> _Assigned task_
Which lines of the entries contain the word "Distrito"? Please list them.

> _Data under study_

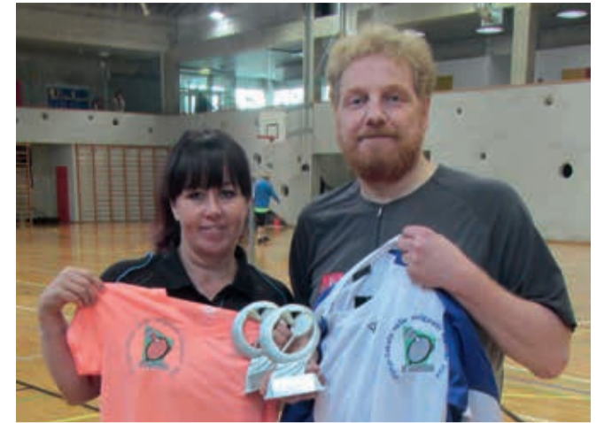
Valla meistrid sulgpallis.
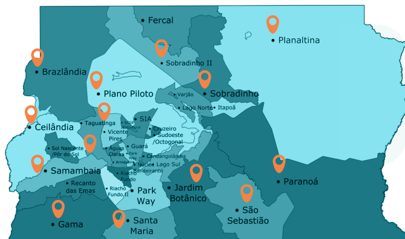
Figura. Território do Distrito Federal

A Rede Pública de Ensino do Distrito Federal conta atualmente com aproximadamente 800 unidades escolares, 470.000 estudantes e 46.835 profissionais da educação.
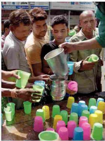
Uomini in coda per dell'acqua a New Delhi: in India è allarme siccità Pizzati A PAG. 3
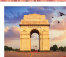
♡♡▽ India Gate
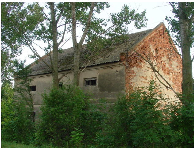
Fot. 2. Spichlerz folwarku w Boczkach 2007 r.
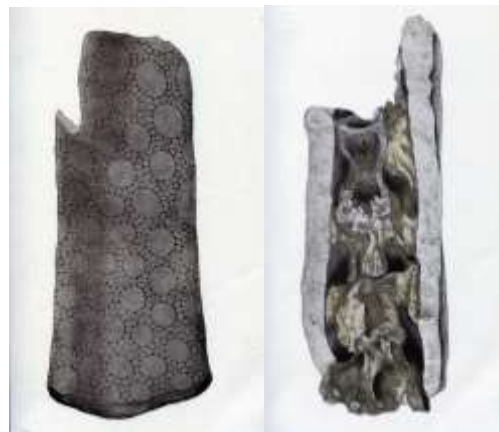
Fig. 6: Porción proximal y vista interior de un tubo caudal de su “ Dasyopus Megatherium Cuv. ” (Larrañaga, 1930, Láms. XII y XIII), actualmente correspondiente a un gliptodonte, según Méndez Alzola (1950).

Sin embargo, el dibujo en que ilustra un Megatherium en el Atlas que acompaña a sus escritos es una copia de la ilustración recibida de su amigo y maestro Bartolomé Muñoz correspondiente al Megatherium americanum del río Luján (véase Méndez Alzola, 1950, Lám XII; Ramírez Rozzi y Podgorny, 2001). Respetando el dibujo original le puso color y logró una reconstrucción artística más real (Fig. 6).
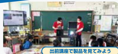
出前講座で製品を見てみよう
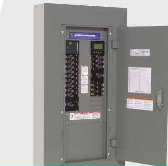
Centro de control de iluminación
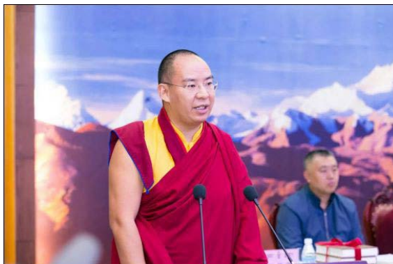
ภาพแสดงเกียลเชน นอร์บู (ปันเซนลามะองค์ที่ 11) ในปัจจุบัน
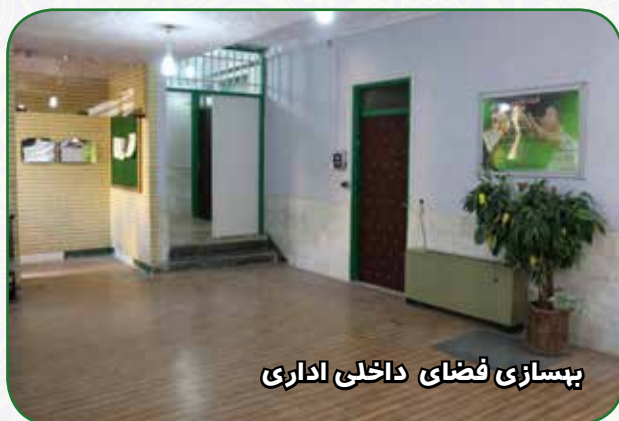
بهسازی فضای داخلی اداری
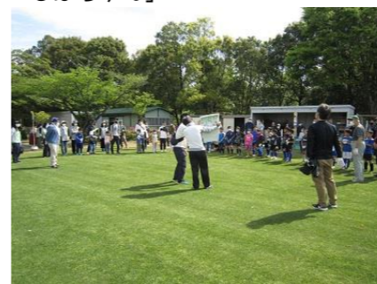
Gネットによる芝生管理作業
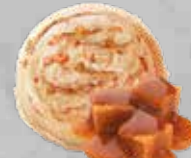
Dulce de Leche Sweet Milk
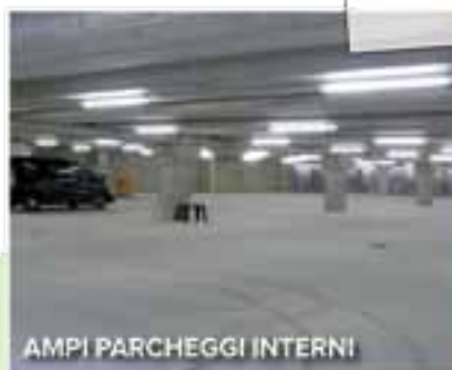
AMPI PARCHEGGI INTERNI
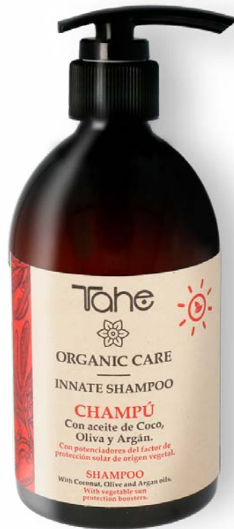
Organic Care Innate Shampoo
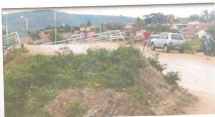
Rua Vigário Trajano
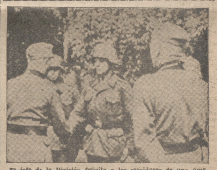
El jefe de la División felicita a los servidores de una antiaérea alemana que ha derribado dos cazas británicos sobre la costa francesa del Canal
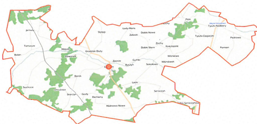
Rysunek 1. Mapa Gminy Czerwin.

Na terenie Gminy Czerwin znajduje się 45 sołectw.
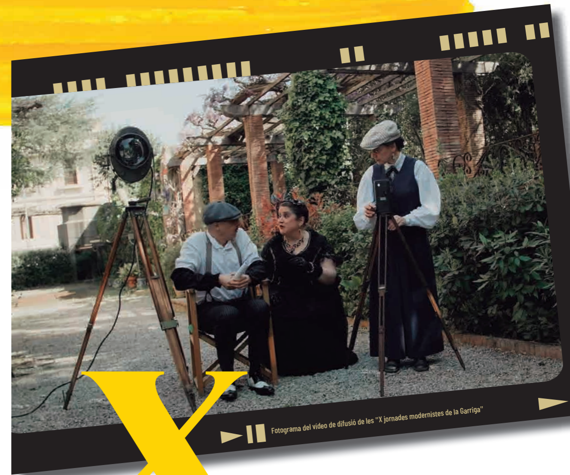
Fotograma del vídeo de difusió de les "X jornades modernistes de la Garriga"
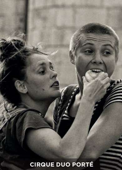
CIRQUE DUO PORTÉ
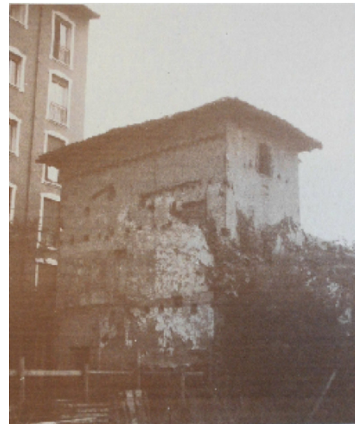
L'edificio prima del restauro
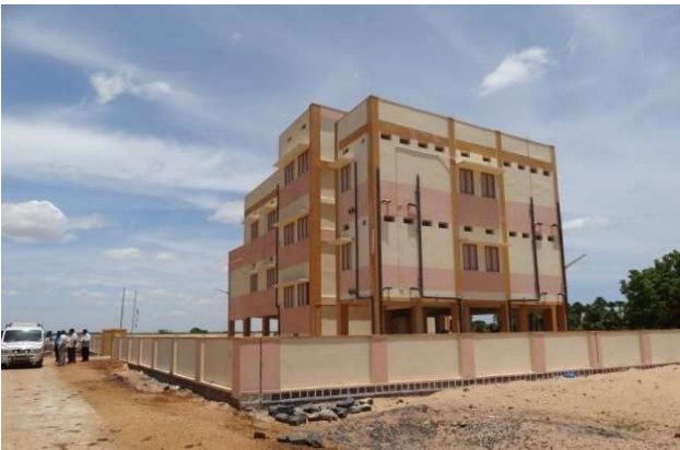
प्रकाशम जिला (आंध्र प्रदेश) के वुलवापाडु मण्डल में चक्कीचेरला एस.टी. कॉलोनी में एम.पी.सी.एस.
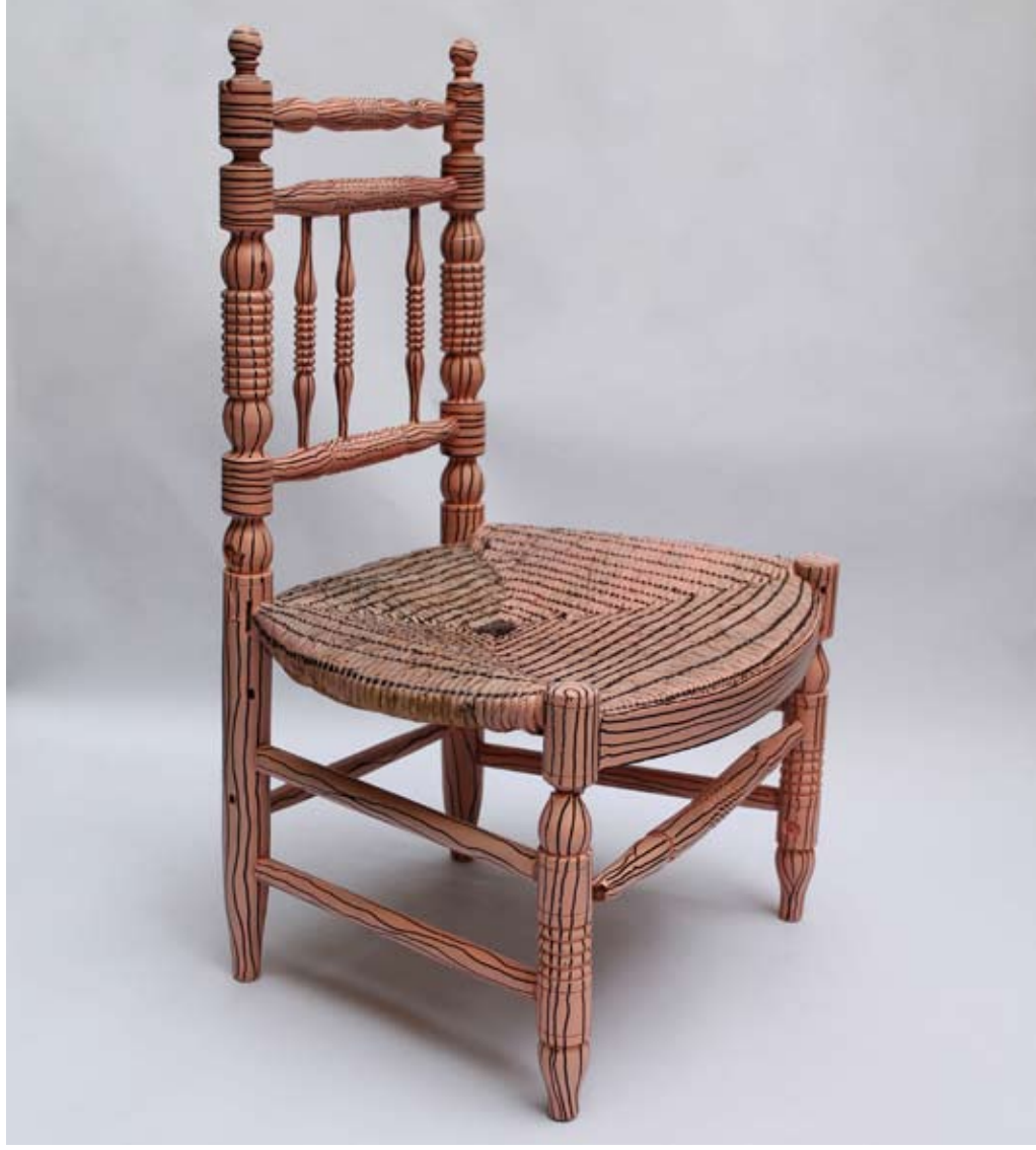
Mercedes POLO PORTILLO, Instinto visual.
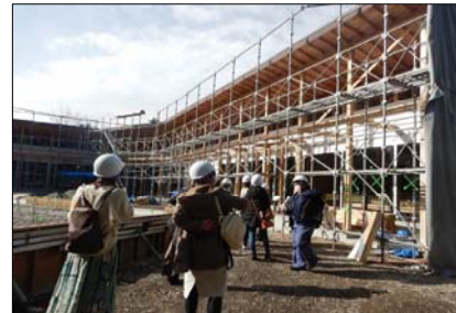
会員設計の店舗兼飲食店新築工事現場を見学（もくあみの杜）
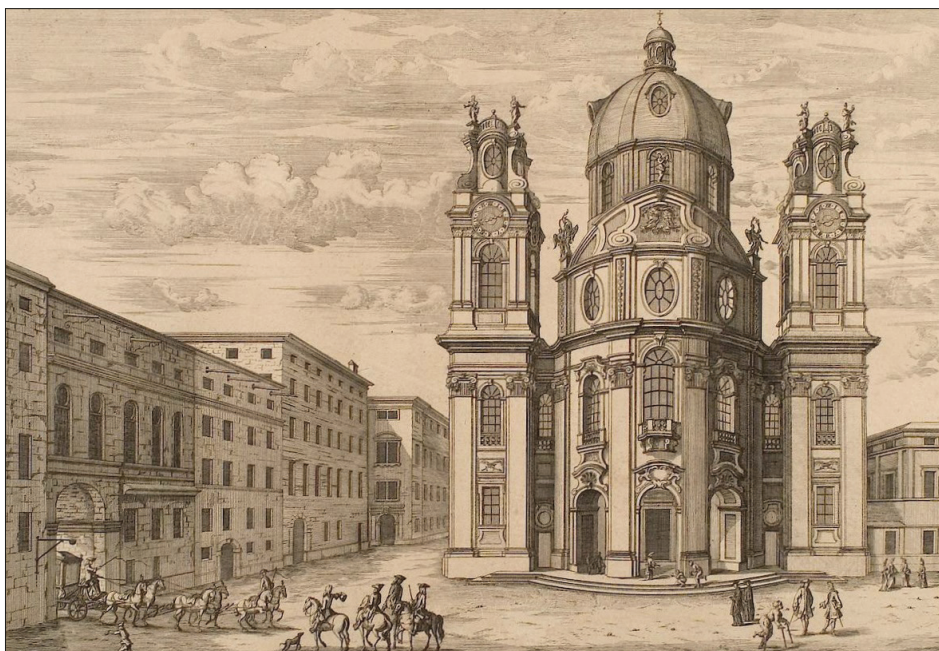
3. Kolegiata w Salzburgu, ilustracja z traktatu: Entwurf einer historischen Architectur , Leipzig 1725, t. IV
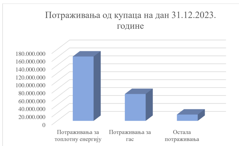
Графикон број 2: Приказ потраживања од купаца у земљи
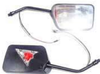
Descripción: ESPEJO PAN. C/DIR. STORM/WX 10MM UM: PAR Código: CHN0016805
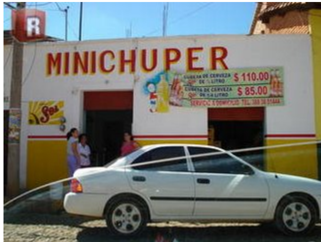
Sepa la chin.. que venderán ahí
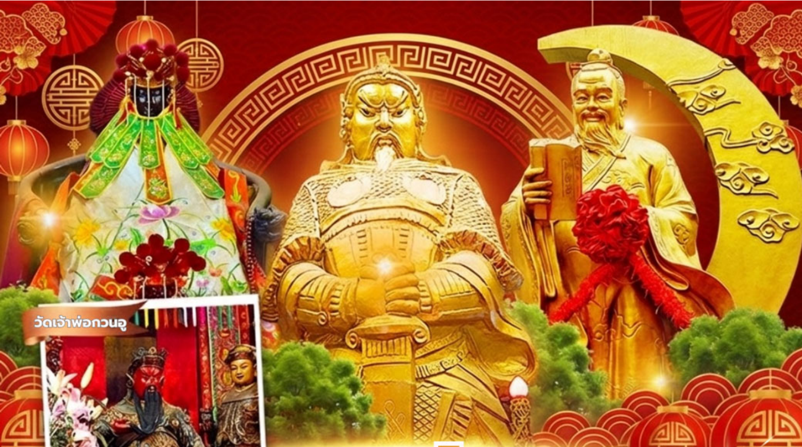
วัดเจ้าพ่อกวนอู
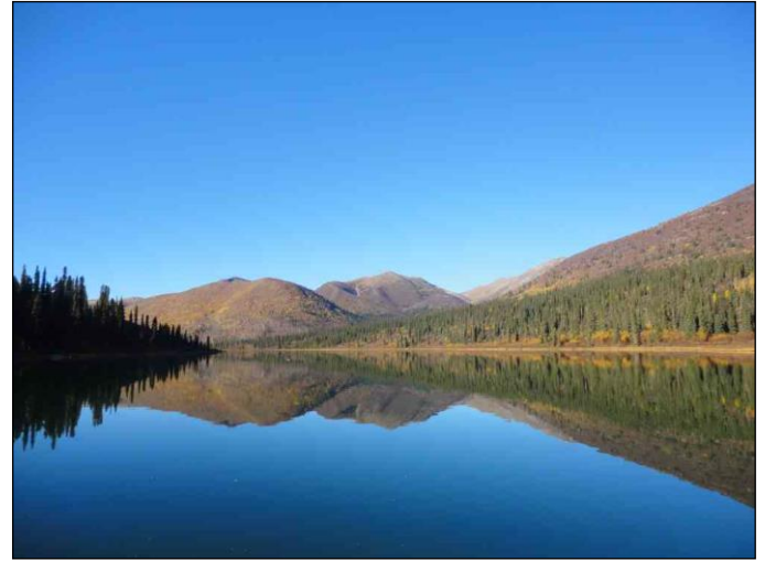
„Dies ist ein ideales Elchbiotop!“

> _Result for this task_
Figura. Território do Distrito Federal
A Rede Pública de Ensino do Distrito Federal conta atualmente com aproximadamente 800 unidades escolares, 470.000 estudantes e 46.835 profissionais da educação.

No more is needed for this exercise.